**Excerpted records**

^^^^^^^^^^^^^^^^

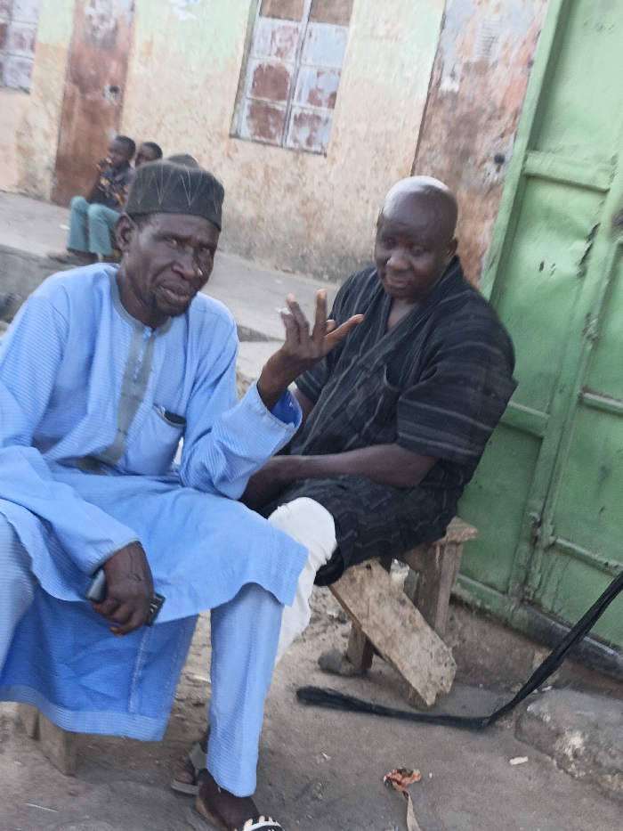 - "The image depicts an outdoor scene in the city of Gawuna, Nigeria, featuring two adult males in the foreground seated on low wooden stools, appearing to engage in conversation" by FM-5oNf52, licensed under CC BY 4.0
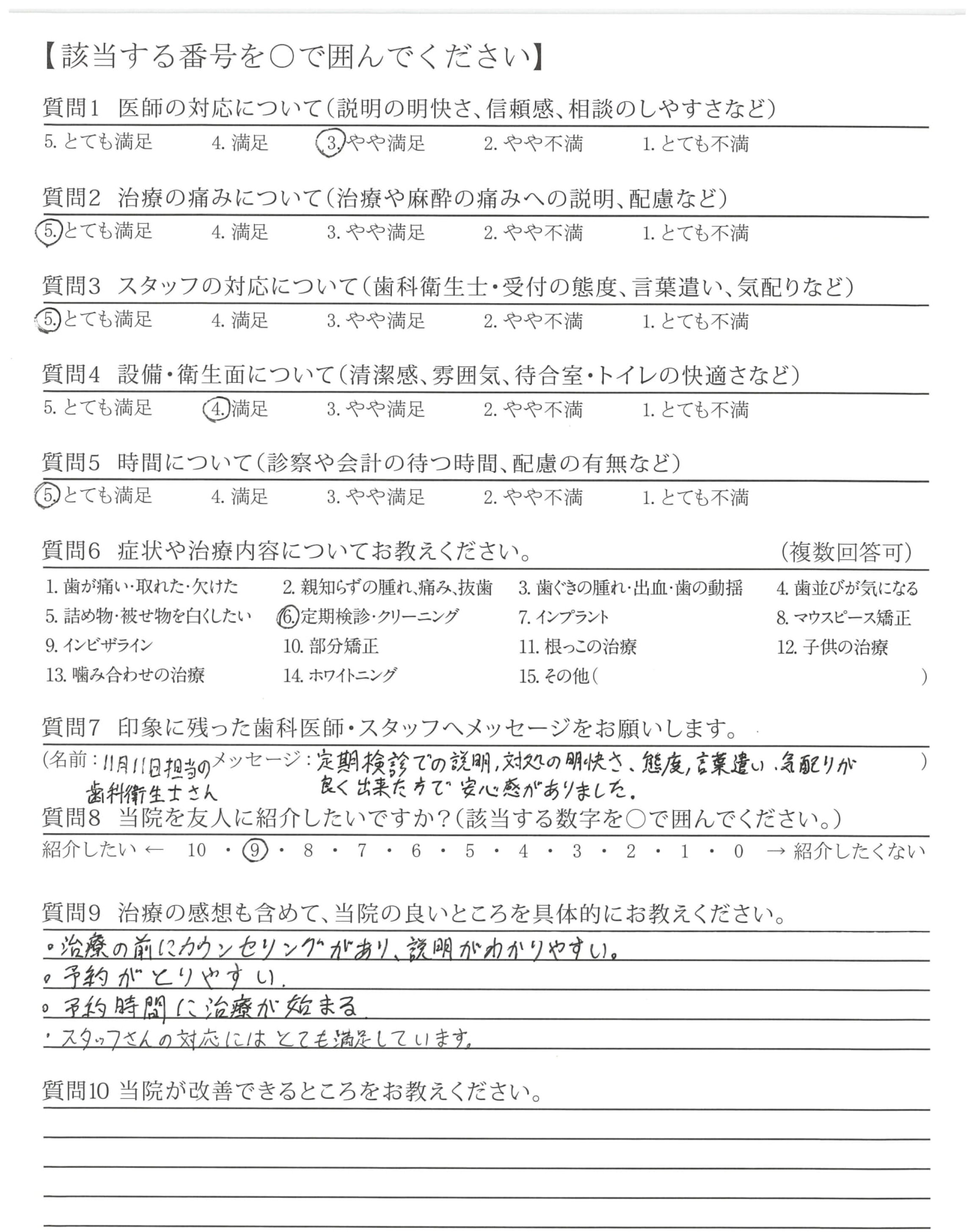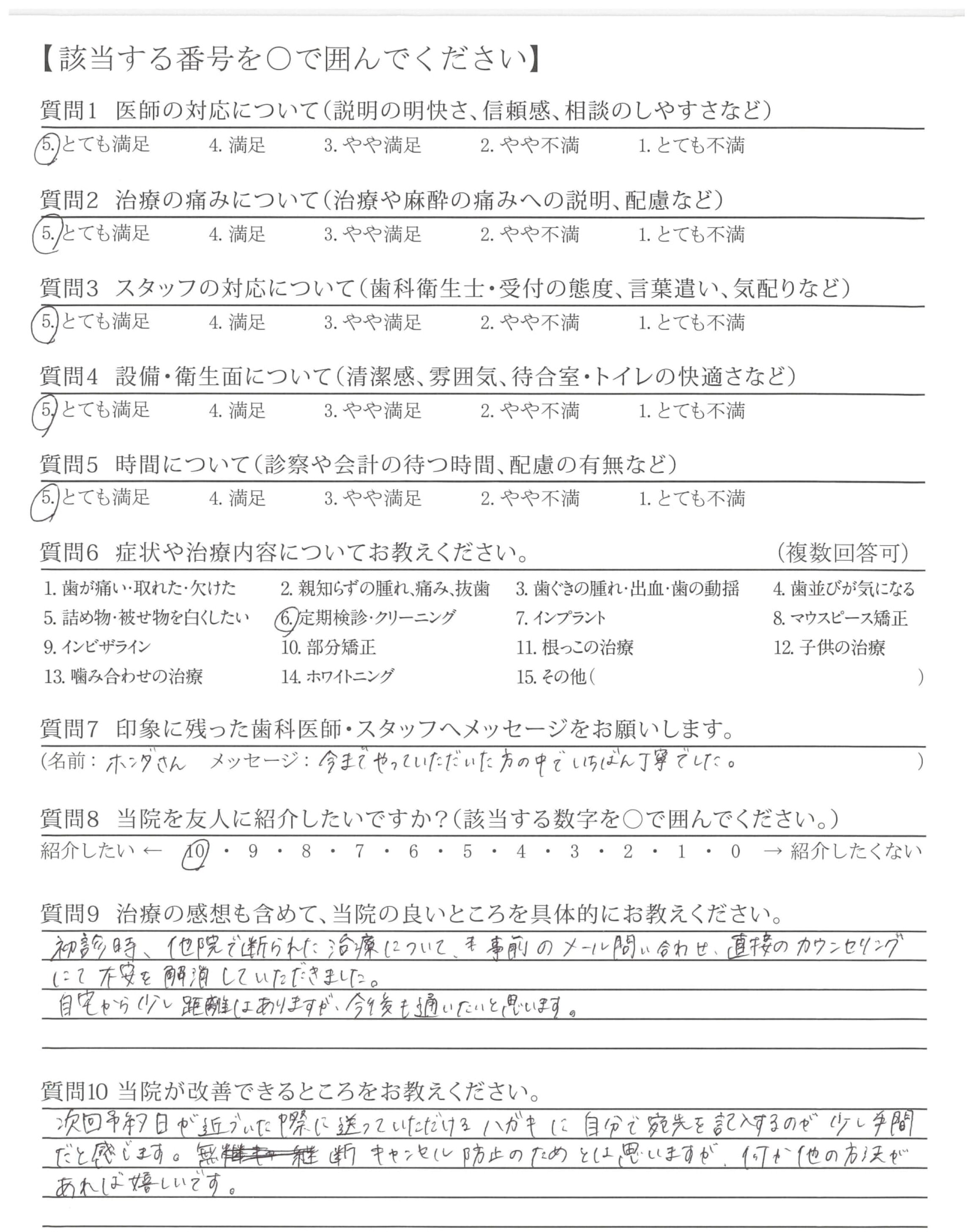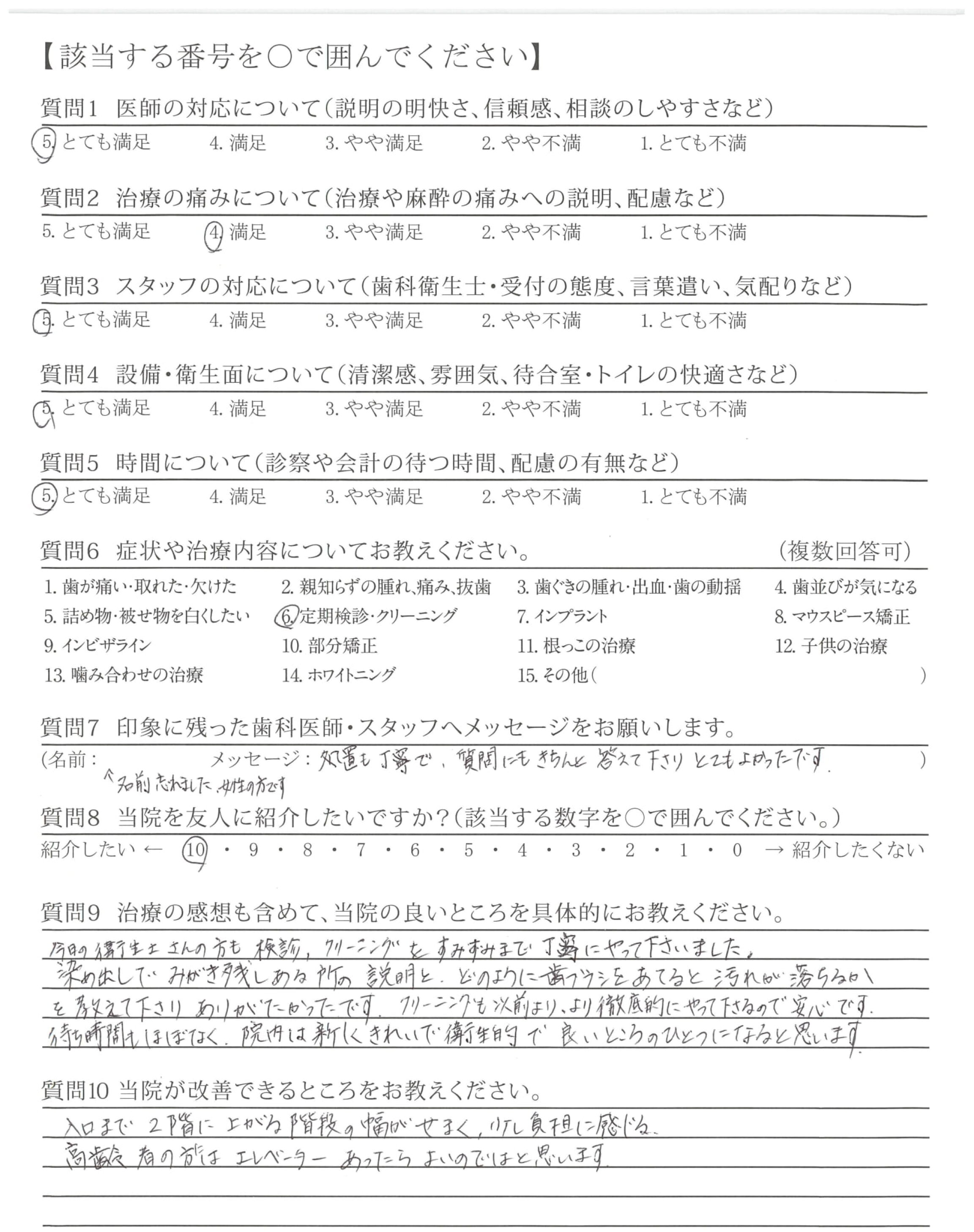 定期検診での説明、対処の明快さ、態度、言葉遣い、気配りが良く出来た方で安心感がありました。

^^^^^^^^^^^^^^^^

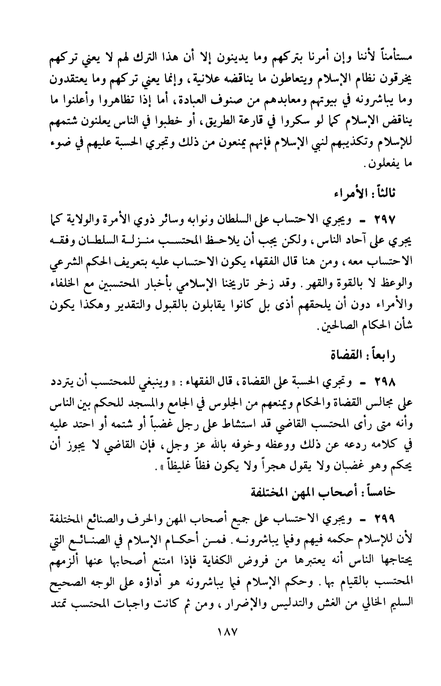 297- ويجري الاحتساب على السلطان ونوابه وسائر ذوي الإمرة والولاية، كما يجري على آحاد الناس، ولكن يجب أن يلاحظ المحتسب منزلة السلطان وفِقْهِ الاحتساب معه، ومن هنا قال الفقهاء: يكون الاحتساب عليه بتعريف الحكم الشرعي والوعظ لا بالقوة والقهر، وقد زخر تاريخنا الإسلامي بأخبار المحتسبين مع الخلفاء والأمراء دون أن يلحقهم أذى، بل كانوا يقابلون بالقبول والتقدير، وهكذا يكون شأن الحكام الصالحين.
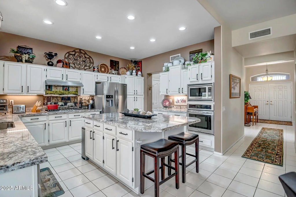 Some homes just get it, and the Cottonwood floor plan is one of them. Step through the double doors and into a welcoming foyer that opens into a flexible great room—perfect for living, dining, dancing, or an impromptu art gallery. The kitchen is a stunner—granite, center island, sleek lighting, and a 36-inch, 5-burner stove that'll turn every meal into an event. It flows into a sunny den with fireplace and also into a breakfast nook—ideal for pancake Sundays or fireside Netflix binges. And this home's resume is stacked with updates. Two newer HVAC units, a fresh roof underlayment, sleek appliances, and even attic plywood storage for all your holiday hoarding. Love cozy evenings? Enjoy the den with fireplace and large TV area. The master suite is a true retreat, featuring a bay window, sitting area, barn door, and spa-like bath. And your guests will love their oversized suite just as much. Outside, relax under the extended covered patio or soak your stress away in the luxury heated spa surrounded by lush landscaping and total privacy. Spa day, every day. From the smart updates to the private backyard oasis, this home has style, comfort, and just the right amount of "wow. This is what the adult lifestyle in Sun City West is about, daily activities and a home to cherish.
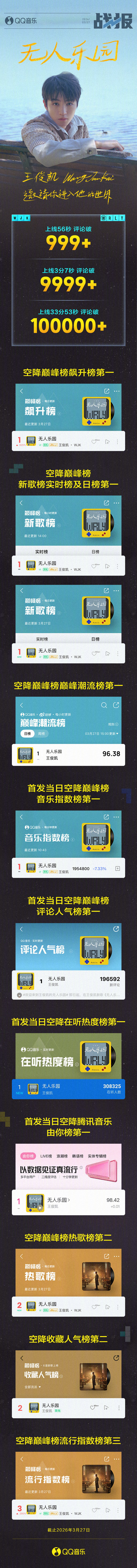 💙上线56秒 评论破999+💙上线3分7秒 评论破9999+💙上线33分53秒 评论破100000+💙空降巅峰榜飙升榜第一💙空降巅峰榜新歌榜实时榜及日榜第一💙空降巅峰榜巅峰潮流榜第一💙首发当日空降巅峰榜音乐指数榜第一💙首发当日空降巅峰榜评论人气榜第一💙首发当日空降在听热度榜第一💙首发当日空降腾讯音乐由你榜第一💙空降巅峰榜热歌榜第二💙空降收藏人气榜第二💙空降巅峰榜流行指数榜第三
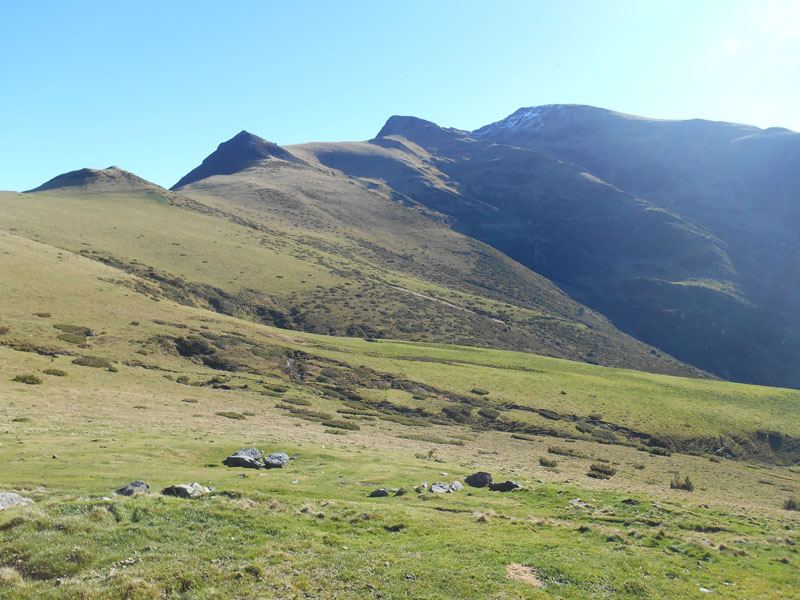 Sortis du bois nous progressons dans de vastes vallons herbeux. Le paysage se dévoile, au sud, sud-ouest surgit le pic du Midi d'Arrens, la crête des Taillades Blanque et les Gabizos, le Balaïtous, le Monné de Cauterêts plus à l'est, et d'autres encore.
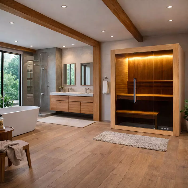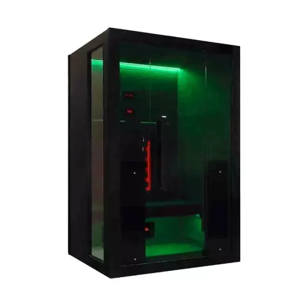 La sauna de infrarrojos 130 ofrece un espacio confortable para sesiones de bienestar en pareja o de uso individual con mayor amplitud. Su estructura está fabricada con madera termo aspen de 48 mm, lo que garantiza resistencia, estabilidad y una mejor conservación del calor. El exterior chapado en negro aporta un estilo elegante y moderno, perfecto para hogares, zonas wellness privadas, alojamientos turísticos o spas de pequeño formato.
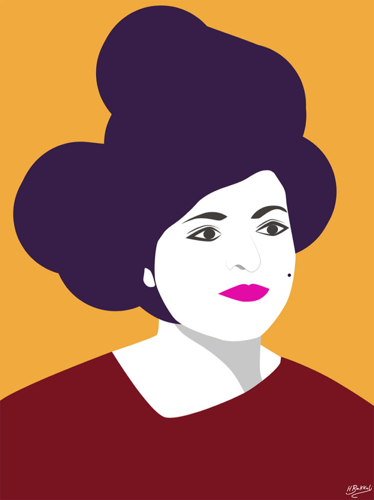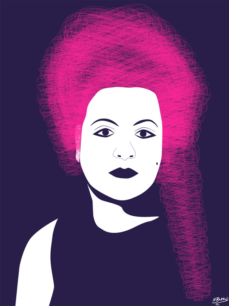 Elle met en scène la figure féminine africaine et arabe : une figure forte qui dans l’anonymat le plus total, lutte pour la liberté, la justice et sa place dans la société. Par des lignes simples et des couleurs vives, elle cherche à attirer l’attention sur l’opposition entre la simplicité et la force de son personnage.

^^^^^^^^^^^^^^^^

**Work instructions**
Would you transcribe the lines above exactly, going from the line bearing "La sauna de" through the line bearing "Elle met en", and drop the pictures from the copy?

**Exercise output**
 La sauna de infrarrojos 130 ofrece un espacio confortable para sesiones de bienestar en pareja o de uso individual con mayor amplitud. Su estructura está fabricada con madera termo aspen de 48 mm, lo que garantiza resistencia, estabilidad y una mejor conservación del calor. El exterior chapado en negro aporta un estilo elegante y moderno, perfecto para hogares, zonas wellness privadas, alojamientos turísticos o spas de pequeño formato.
 Elle met en scène la figure féminine africaine et arabe : une figure forte qui dans l’anonymat le plus total, lutte pour la liberté, la justice et sa place dans la société. Par des lignes simples et des couleurs vives, elle cherche à attirer l’attention sur l’opposition entre la simplicité et la force de son personnage.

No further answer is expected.